• **Exercise data**:
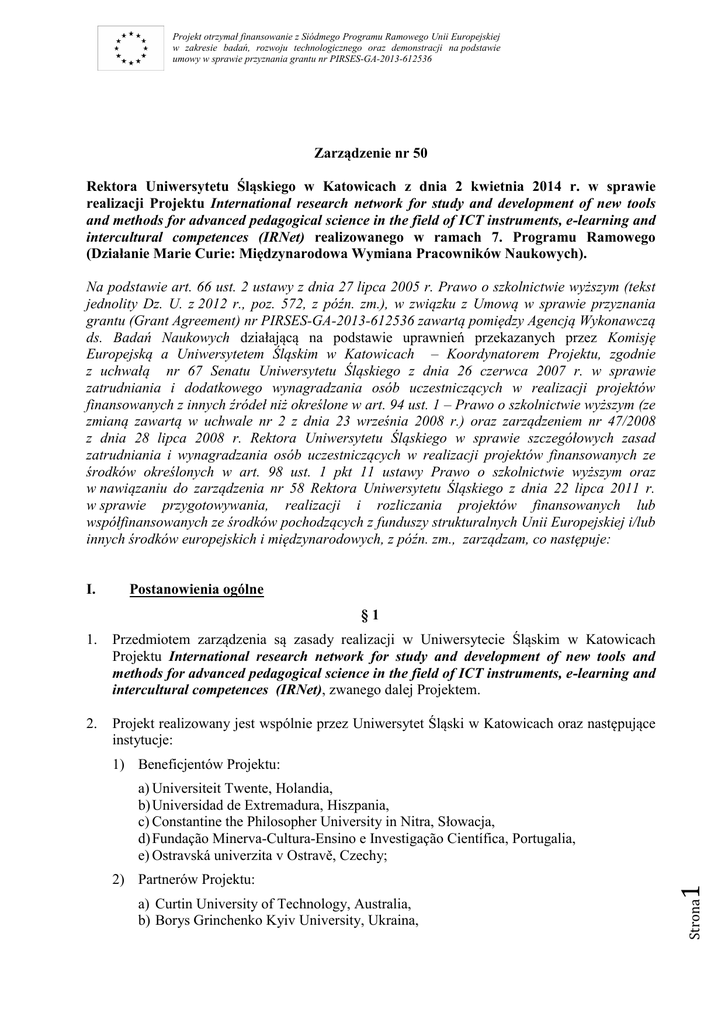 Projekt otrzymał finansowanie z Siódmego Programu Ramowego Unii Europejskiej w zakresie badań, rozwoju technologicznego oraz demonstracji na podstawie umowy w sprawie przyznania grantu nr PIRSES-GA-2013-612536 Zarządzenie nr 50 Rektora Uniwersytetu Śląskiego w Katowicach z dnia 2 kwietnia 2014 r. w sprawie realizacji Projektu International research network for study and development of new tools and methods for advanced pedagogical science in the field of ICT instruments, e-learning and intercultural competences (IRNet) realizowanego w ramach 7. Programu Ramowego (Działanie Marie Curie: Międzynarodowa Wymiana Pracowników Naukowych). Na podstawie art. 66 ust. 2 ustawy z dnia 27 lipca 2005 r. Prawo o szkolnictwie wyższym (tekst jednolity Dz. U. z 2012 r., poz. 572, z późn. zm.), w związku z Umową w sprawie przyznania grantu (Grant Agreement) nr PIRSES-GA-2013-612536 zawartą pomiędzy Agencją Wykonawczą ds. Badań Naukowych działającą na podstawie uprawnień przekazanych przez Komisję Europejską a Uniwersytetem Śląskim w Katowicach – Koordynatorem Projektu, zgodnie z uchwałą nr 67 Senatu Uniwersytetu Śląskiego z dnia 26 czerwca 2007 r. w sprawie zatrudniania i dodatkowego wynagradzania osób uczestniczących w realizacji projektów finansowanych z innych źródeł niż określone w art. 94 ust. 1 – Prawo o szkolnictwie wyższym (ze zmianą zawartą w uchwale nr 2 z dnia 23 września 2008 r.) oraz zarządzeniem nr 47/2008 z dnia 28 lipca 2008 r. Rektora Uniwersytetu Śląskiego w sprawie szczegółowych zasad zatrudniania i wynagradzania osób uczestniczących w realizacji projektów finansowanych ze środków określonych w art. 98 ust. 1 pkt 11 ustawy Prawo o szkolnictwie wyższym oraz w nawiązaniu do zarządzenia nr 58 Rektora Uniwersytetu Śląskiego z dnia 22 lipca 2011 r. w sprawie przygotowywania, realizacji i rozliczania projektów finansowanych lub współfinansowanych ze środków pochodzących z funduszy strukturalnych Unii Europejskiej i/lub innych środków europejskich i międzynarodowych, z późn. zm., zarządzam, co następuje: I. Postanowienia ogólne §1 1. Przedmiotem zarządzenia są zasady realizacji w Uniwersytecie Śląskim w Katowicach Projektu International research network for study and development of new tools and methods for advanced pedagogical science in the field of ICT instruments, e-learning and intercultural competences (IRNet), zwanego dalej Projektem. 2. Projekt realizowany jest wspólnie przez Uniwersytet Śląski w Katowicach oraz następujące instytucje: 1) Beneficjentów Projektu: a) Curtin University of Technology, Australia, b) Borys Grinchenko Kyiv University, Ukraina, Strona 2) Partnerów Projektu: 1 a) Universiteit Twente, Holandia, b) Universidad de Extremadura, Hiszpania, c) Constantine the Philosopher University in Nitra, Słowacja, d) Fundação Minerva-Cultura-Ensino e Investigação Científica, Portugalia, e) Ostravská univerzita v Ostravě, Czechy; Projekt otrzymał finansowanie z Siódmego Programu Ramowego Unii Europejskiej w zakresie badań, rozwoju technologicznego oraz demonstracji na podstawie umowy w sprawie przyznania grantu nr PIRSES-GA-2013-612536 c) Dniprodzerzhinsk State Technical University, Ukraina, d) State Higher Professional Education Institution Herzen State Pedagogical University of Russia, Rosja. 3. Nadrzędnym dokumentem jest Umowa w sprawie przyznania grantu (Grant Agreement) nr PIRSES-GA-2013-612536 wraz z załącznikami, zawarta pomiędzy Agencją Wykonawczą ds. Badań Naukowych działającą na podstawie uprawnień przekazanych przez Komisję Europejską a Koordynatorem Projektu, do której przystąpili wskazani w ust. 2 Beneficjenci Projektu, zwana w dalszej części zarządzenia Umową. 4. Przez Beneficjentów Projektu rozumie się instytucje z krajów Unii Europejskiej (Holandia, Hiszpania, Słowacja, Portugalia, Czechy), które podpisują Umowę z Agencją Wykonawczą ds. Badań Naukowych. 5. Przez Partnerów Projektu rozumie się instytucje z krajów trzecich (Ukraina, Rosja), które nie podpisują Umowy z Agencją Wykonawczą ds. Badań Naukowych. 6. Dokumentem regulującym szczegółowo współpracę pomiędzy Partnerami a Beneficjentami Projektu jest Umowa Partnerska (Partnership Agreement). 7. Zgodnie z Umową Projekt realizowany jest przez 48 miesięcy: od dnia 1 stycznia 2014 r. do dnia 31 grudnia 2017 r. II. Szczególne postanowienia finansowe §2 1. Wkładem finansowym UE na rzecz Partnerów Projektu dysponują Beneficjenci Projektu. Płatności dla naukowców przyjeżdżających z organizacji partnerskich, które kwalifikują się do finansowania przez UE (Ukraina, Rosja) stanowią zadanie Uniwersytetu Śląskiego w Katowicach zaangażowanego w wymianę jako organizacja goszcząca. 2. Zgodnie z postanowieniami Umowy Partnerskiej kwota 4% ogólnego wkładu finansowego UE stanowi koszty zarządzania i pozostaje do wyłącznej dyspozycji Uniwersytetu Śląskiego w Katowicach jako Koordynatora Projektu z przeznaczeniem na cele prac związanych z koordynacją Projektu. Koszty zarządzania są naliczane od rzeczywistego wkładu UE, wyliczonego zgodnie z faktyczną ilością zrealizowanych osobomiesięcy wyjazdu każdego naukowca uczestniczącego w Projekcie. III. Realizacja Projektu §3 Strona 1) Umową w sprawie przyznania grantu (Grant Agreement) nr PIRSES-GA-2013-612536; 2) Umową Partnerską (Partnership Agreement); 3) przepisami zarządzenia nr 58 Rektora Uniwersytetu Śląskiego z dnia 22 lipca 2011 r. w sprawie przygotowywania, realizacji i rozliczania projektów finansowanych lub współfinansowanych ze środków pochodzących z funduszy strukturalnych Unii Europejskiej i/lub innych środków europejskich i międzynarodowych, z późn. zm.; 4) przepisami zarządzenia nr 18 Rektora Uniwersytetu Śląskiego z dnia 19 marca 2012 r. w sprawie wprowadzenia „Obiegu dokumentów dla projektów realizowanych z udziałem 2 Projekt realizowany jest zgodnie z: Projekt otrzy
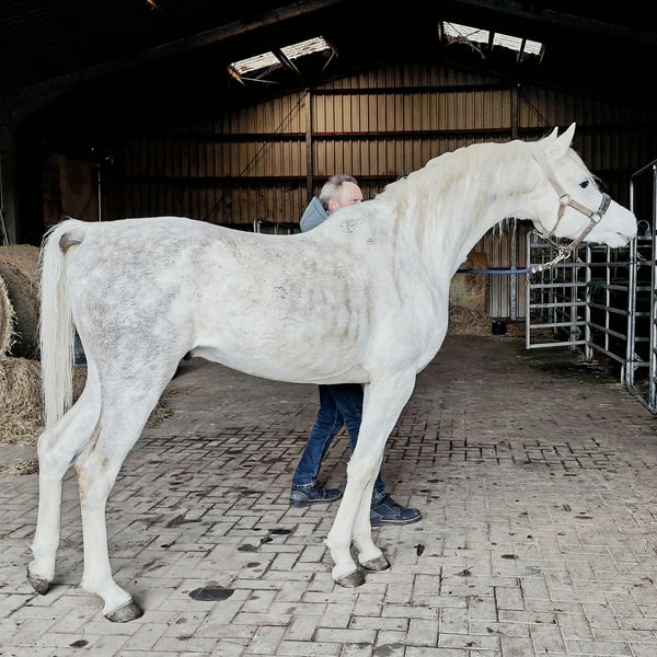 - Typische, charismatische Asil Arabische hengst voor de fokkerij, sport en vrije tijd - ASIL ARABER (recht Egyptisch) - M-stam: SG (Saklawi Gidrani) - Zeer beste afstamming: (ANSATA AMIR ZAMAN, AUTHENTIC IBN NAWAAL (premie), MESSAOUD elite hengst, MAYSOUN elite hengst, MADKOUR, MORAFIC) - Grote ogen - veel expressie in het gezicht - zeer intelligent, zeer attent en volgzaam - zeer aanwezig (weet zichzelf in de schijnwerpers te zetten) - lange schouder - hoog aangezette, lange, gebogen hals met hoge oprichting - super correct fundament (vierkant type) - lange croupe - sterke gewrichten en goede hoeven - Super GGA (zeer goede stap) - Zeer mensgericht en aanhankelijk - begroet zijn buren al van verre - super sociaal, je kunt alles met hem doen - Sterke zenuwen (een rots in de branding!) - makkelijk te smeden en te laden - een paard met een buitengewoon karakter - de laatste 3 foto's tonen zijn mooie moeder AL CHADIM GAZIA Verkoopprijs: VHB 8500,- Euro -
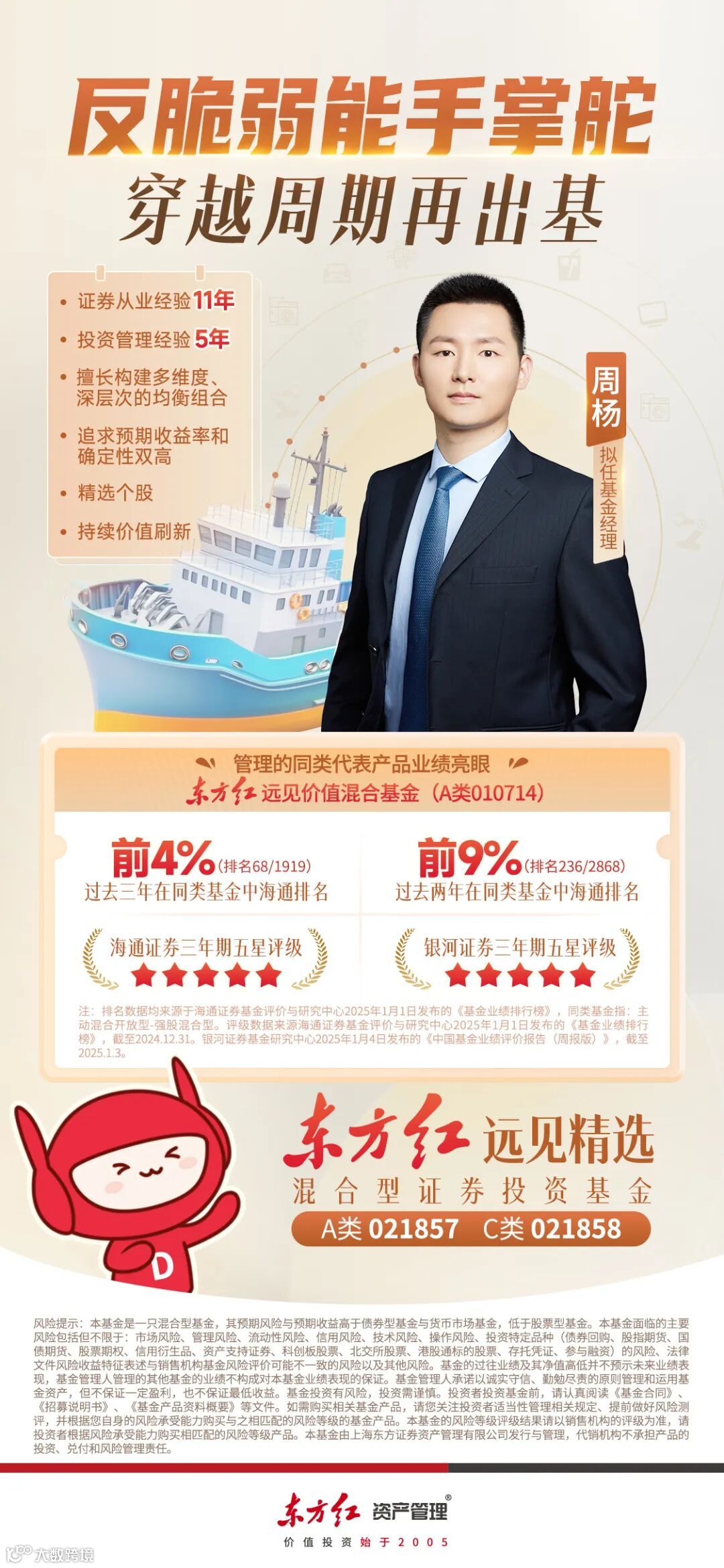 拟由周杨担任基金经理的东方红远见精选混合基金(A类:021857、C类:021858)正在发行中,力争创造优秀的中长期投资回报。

• **Task statement**:
Reproduce the data verbatim and omit each image.

• **Response area**:
 Projekt otrzymał finansowanie z Siódmego Programu Ramowego Unii Europejskiej w zakresie badań, rozwoju technologicznego oraz demonstracji na podstawie umowy w sprawie przyznania grantu nr PIRSES-GA-2013-612536 Zarządzenie nr 50 Rektora Uniwersytetu Śląskiego w Katowicach z dnia 2 kwietnia 2014 r. w sprawie realizacji Projektu International research network for study and development of new tools and methods for advanced pedagogical science in the field of ICT instruments, e-learning and intercultural competences (IRNet) realizowanego w ramach 7. Programu Ramowego (Działanie Marie Curie: Międzynarodowa Wymiana Pracowników Naukowych). Na podstawie art. 66 ust. 2 ustawy z dnia 27 lipca 2005 r. Prawo o szkolnictwie wyższym (tekst jednolity Dz. U. z 2012 r., poz. 572, z późn. zm.), w związku z Umową w sprawie przyznania grantu (Grant Agreement) nr PIRSES-GA-2013-612536 zawartą pomiędzy Agencją Wykonawczą ds. Badań Naukowych działającą na podstawie uprawnień przekazanych przez Komisję Europejską a Uniwersytetem Śląskim w Katowicach – Koordynatorem Projektu, zgodnie z uchwałą nr 67 Senatu Uniwersytetu Śląskiego z dnia 26 czerwca 2007 r. w sprawie zatrudniania i dodatkowego wynagradzania osób uczestniczących w realizacji projektów finansowanych z innych źródeł niż określone w art. 94 ust. 1 – Prawo o szkolnictwie wyższym (ze zmianą zawartą w uchwale nr 2 z dnia 23 września 2008 r.) oraz zarządzeniem nr 47/2008 z dnia 28 lipca 2008 r. Rektora Uniwersytetu Śląskiego w sprawie szczegółowych zasad zatrudniania i wynagradzania osób uczestniczących w realizacji projektów finansowanych ze środków określonych w art. 98 ust. 1 pkt 11 ustawy Prawo o szkolnictwie wyższym oraz w nawiązaniu do zarządzenia nr 58 Rektora Uniwersytetu Śląskiego z dnia 22 lipca 2011 r. w sprawie przygotowywania, realizacji i rozliczania projektów finansowanych lub współfinansowanych ze środków pochodzących z funduszy strukturalnych Unii Europejskiej i/lub innych środków europejskich i międzynarodowych, z późn. zm., zarządzam, co następuje: I. Postanowienia ogólne §1 1. Przedmiotem zarządzenia są zasady realizacji w Uniwersytecie Śląskim w Katowicach Projektu International research network for study and development of new tools and methods for advanced pedagogical science in the field of ICT instruments, e-learning and intercultural competences (IRNet), zwanego dalej Projektem. 2. Projekt realizowany jest wspólnie przez Uniwersytet Śląski w Katowicach oraz następujące instytucje: 1) Beneficjentów Projektu: a) Curtin University of Technology, Australia, b) Borys Grinchenko Kyiv University, Ukraina, Strona 2) Partnerów Projektu: 1 a) Universiteit Twente, Holandia, b) Universidad de Extremadura, Hiszpania, c) Constantine the Philosopher University in Nitra, Słowacja, d) Fundação Minerva-Cultura-Ensino e Investigação Científica, Portugalia, e) Ostravská univerzita v Ostravě, Czechy; Projekt otrzymał finansowanie z Siódmego Programu Ramowego Unii Europejskiej w zakresie badań, rozwoju technologicznego oraz demonstracji na podstawie umowy w sprawie przyznania grantu nr PIRSES-GA-2013-612536 c) Dniprodzerzhinsk State Technical University, Ukraina, d) State Higher Professional Education Institution Herzen State Pedagogical University of Russia, Rosja. 3. Nadrzędnym dokumentem jest Umowa w sprawie przyznania grantu (Grant Agreement) nr PIRSES-GA-2013-612536 wraz z załącznikami, zawarta pomiędzy Agencją Wykonawczą ds. Badań Naukowych działającą na podstawie uprawnień przekazanych przez Komisję Europejską a Koordynatorem Projektu, do której przystąpili wskazani w ust. 2 Beneficjenci Projektu, zwana w dalszej części zarządzenia Umową. 4. Przez Beneficjentów Projektu rozumie się instytucje z krajów Unii Europejskiej (Holandia, Hiszpania, Słowacja, Portugalia, Czechy), które podpisują Umowę z Agencją Wykonawczą ds. Badań Naukowych. 5. Przez Partnerów Projektu rozumie się instytucje z krajów trzecich (Ukraina, Rosja), które nie podpisują Umowy z Agencją Wykonawczą ds. Badań Naukowych. 6. Dokumentem regulującym szczegółowo współpracę pomiędzy Partnerami a Beneficjentami Projektu jest Umowa Partnerska (Partnership Agreement). 7. Zgodnie z Umową Projekt realizowany jest przez 48 miesięcy: od dnia 1 stycznia 2014 r. do dnia 31 grudnia 2017 r. II. Szczególne postanowienia finansowe §2 1. Wkładem finansowym UE na rzecz Partnerów Projektu dysponują Beneficjenci Projektu. Płatności dla naukowców przyjeżdżających z organizacji partnerskich, które kwalifikują się do finansowania przez UE (Ukraina, Rosja) stanowią zadanie Uniwersytetu Śląskiego w Katowicach zaangażowanego w wymianę jako organizacja goszcząca. 2. Zgodnie z postanowieniami Umowy Partnerskiej kwota 4% ogólnego wkładu finansowego UE stanowi koszty zarządzania i pozostaje do wyłącznej dyspozycji Uniwersytetu Śląskiego w Katowicach jako Koordynatora Projektu z przeznaczeniem na cele prac związanych z koordynacją Projektu. Koszty zarządzania są naliczane od rzeczywistego wkładu UE, wyliczonego zgodnie z faktyczną ilością zrealizowanych osobomiesięcy wyjazdu każdego naukowca uczestniczącego w Projekcie. III. Realizacja Projektu §3 Strona 1) Umową w sprawie przyznania grantu (Grant Agreement) nr PIRSES-GA-2013-612536; 2) Umową Partnerską (Partnership Agreement); 3) przepisami zarządzenia nr 58 Rektora Uniwersytetu Śląskiego z dnia 22 lipca 2011 r. w sprawie przygotowywania, realizacji i rozliczania projektów finansowanych lub współfinansowanych ze środków pochodzących z funduszy strukturalnych Unii Europejskiej i/lub innych środków europejskich i międzynarodowych, z późn. zm.; 4) przepisami zarządzenia nr 18 Rektora Uniwersytetu Śląskiego z dnia 19 marca 2012 r. w sprawie wprowadzenia „Obiegu dokumentów dla projektów realizowanych z udziałem 2 Projekt realizowany jest zgodnie z: Projekt otrzy
 - Typische, charismatische Asil Arabische hengst voor de fokkerij, sport en vrije tijd - ASIL ARABER (recht Egyptisch) - M-stam: SG (Saklawi Gidrani) - Zeer beste afstamming: (ANSATA AMIR ZAMAN, AUTHENTIC IBN NAWAAL (premie), MESSAOUD elite hengst, MAYSOUN elite hengst, MADKOUR, MORAFIC) - Grote ogen - veel expressie in het gezicht - zeer intelligent, zeer attent en volgzaam - zeer aanwezig (weet zichzelf in de schijnwerpers te zetten) - lange schouder - hoog aangezette, lange, gebogen hals met hoge oprichting - super correct fundament (vierkant type) - lange croupe - sterke gewrichten en goede hoeven - Super GGA (zeer goede stap) - Zeer mensgericht en aanhankelijk - begroet zijn buren al van verre - super sociaal, je kunt alles met hem doen - Sterke zenuwen (een rots in de branding!) - makkelijk te smeden en te laden - een paard met een buitengewoon karakter - de laatste 3 foto's tonen zijn mooie moeder AL CHADIM GAZIA Verkoopprijs: VHB 8500,- Euro -
 拟由周杨担任基金经理的东方红远见精选混合基金(A类:021857、C类:021858)正在发行中,力争创造优秀的中长期投资回报。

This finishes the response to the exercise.